Jamie Harron Is Free But We Must Remain Outraged At The UAE’s Disdain For Human Rights

jamie harron

The UAE has gained notable attention across the UK media recently due to the bizarre case of Jamie Harron from Stirling, Scotland, who found himself facing three years in prison on charges of public indecency for touching another man’s hip whilst trying not to spill his drink when moving through a crowded bar in downtown Dubai.

It could have happened to any of us and maybe this is why readers are hungry for more details of this story.

Whilst it is good that Jamie Harron’s terrible ordeal in Dubai has received so much attention, it is important that the this case is not viewed in isolation of a much broader narrative of oppression and human rights abuses in the UAE.

Since the Arab Spring of 2011, repression has been rapidly stepped up by the Emirati authorities. Both Emiratis and non-Emiratis have been arbitrarily detained, forcefully disappeared, and in many cases tortured on the most frivolous of charges. In 2016 alone, around 300 people were detained in the UAE for comments posted on social media sites which allegedly criticised the ruling regime. In today’s UAE, prominent Emirati academics, human rights defenders, and lawyers currently languish in jail, often in unknown locations, on charges which violate freedom of speech.

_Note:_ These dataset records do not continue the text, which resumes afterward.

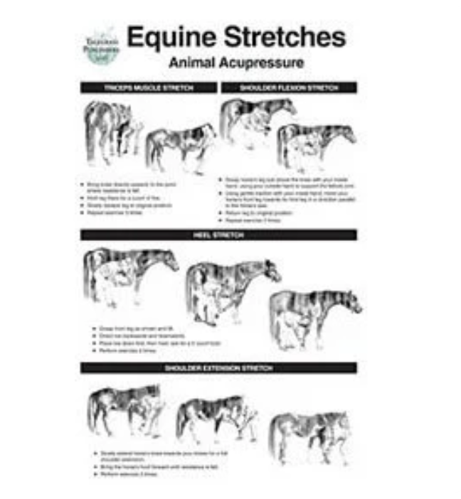 The Equine Stretch Poster gives you a visual of 10 excellent stretches to do with your horse. These stretches, well within your horses’ range-of-motion, will help keep him supple and strong. In addition, they help to open your horse’s meridians, and improve flexibility and strength, Regular interaction such as stretching can also help you to develop an even stronger relationship between you and your horse.
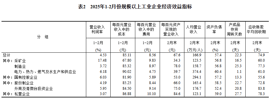 2月末,規模以上工業企業每百元資產實現的營業收入為67.6元,同比減少1.5元;人均營業收入為166.9萬元,同比增加4.3萬元;產成品存貨周轉天數為22.3天,同比增加0.2天;應收賬款平均回收期為74.9天,同比增加4.5天。
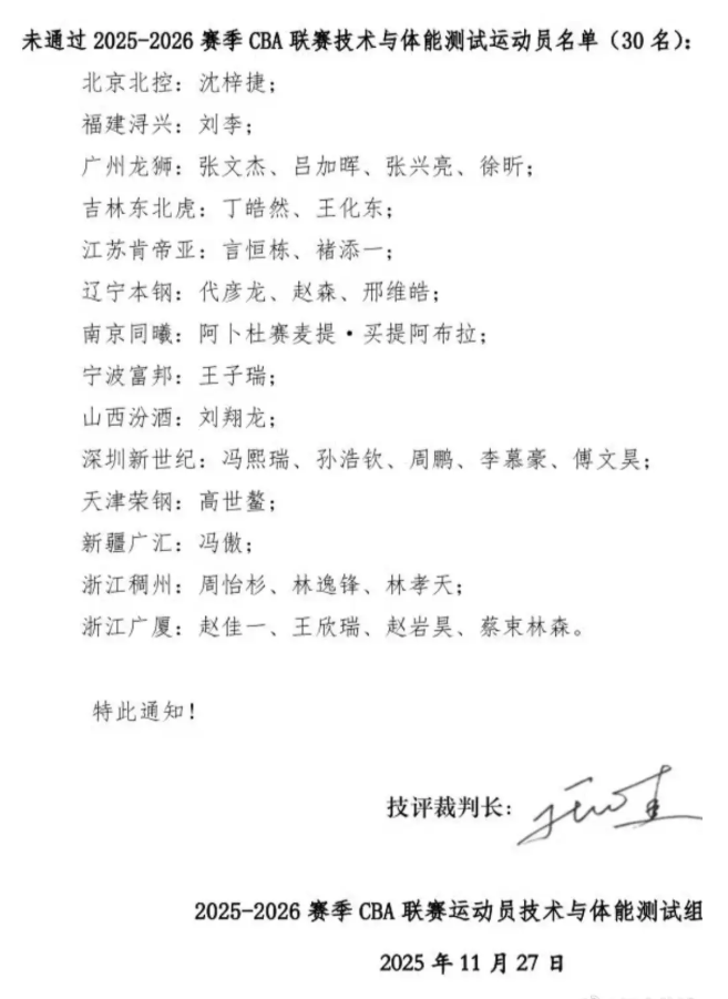 曝CBA体测30名运动员未通过 需要进行补测 时间:2025-11-29 10:19:45 北京时间11月27日消息,据媒体透露,本次CBA体测共有30名运动员未能通过,需要进行补测。具体名单如下: 相关消息 ·官宣!广东签下CBA得分王 萨姆纳上赛季场均36分 ·廖三宁:输球因自身发挥出问题 要相信教练组 ·男篮世预赛-中国台北64-90不敌日本男篮 林庭谦13+6 ·郭士强:主场输韩国确实可惜 打好客场需注意两点

However, the media has framed Jamie’s story as a ‘banged up abroad’ holiday maker nightmare rather than as an example of systematic state repression. Because of this, the tendency is to blame cultural differences rather than focus on a government that has disdain for human rights and international humanitarian law.

Over the last twelve months, ICFUAE (International Campaign for Freedom in the United Arab Emirates) have received evidence of an alarming increase in arbitrary arrests, enforced disappearances. The most notable of these cases is that of Ahmed Mansoor, a prominent human rights activist who is currently being held in solitary confinement without access to a lawyer. This was an arrest triggered by Mansoor’s tireless efforts to highlight human rights abuses in the UAE. Worryingly, this has coincided with an increase in British diplomatic and trading activity with the UAE and, in the context of Brexit as trade with the UAE takes on a greater importance, the British government become less willing to speak out about human rights abuses.

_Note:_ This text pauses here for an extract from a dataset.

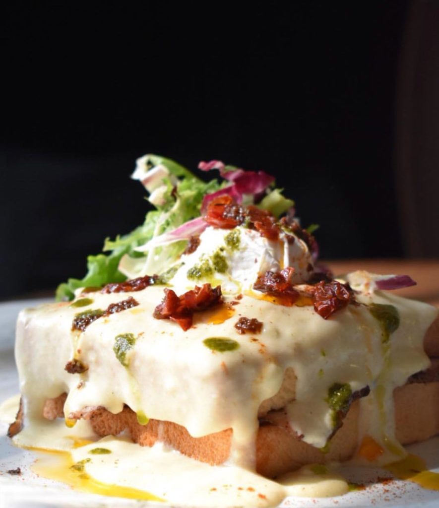 Si quieres disfrutar de un sunday-brunch en la CDMX rodeado de bellísimos escenarios arquitectónicos y con acceso a una de las terrazas al aire libre más exclusivas de Polanco, entonces tienes que visitar KYU. El restaurante, con sede principal en Miami y un admirable menú de cocina a la leña, ofrece un brunch especial los domingos. Éste introduce un notable toque japonés a los platillos más representativos del desayuno, resultando en un festín creativo que definitivamente vale la pena conocer. Te recomendamos probar el tocino ahumado con miel de schichimi, los huevos benedictinos con salsa de yuzu, o los ‘Korean Fried Chicken Chilaquiles‘. Te encantarán.
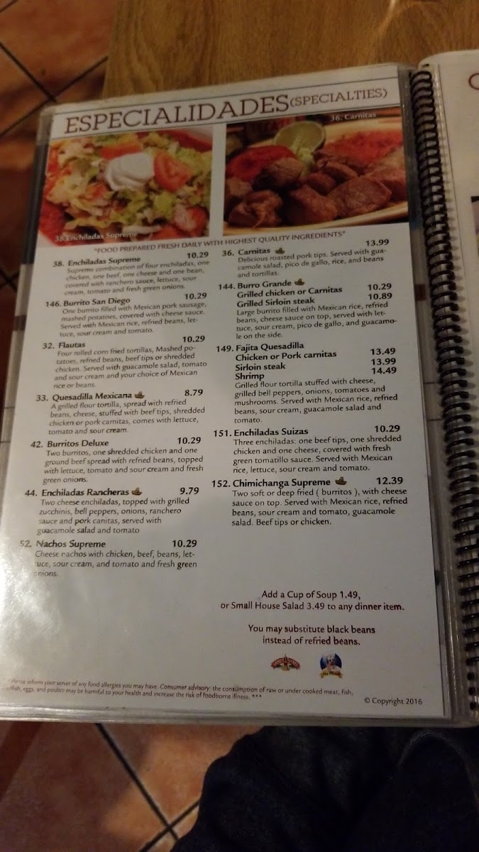 - The Enchiladas Suizas are a standout, draped in a zesty green sauce and served with a side of refried beans and rice.

Jamie Harron’s terrible ordeal should encourage the media to dig deeper and explore the human rights behaviour of the UAE authorities. If it does this, then some good may come of this episode. However, if the media chooses to frame it in cultural and racial terms then the outcome will be somewhat different. One only has to note the Islamophobic comments underneath some of the articles to see how quickly this can degenerate into racist and, often orientalist, stereotyping.

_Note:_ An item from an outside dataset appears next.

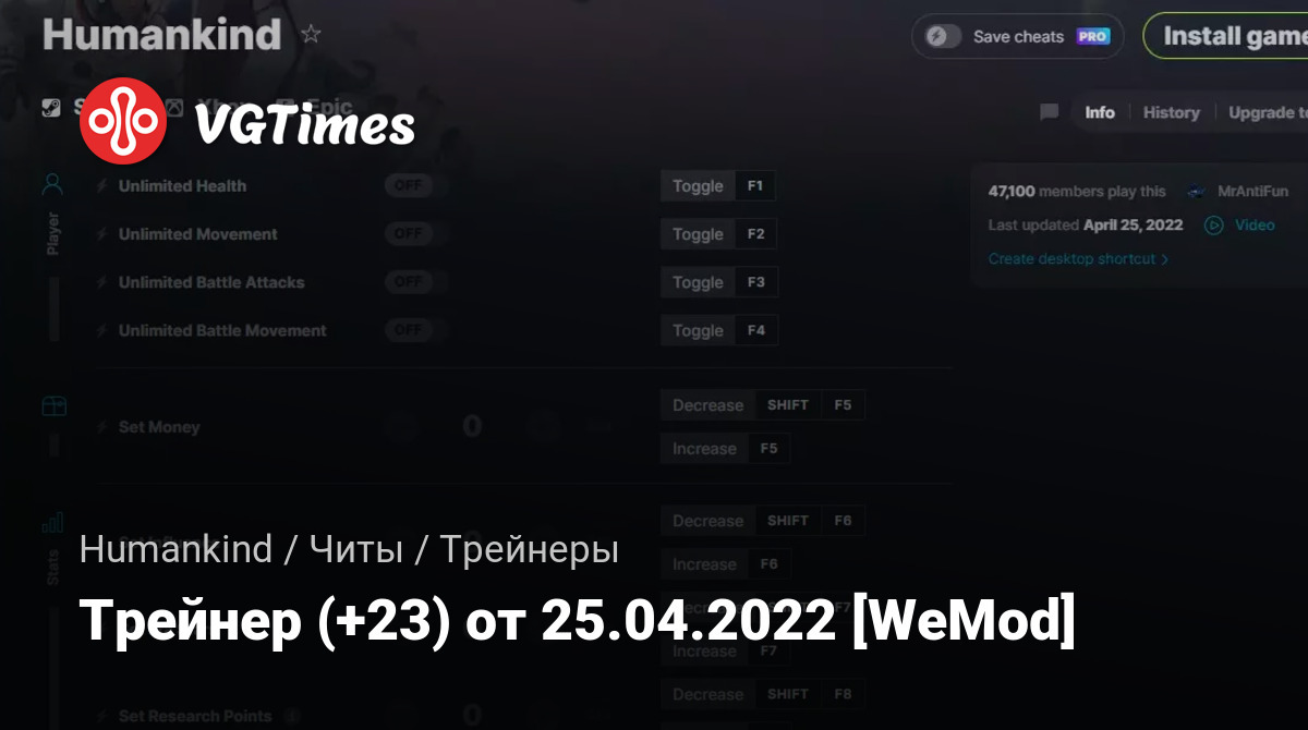 Трейнер (+23) от 25.04.2022 [WeMod]

Harron arrived home on Wednesday to his family and yet Emirati prisoners remain in solitary confinement without representation, such as prominent economist Dr. Nasser bin Ghaith who is serving 10 years in prison for Twitter comments. It is in this context that Harron’s ordeal must be understood. For a short period he was exposed to that which is the reality for so many within the UAE. The fact that the British media have become so interested in this case and have so far failed to relate it to other internal cases suggests that as a society we have still not rid ourselves an Orientalist approach to the Arab world.

It is imperative that the UK media presents Jamie’s case within this wider climate of repression inside the Emirates. By not doing so, we reduce ourselves to viewing human rights violations in the UAE through a Eurocentric lens, which places the value of a European life as higher than that of an Arab. The case of Jamie Harron should not be understood through the lens of a cultural war, but rather within a wider context of repression and human rights abuses in which Emirati bloggers, human rights defenders, and political activists constitute the front line.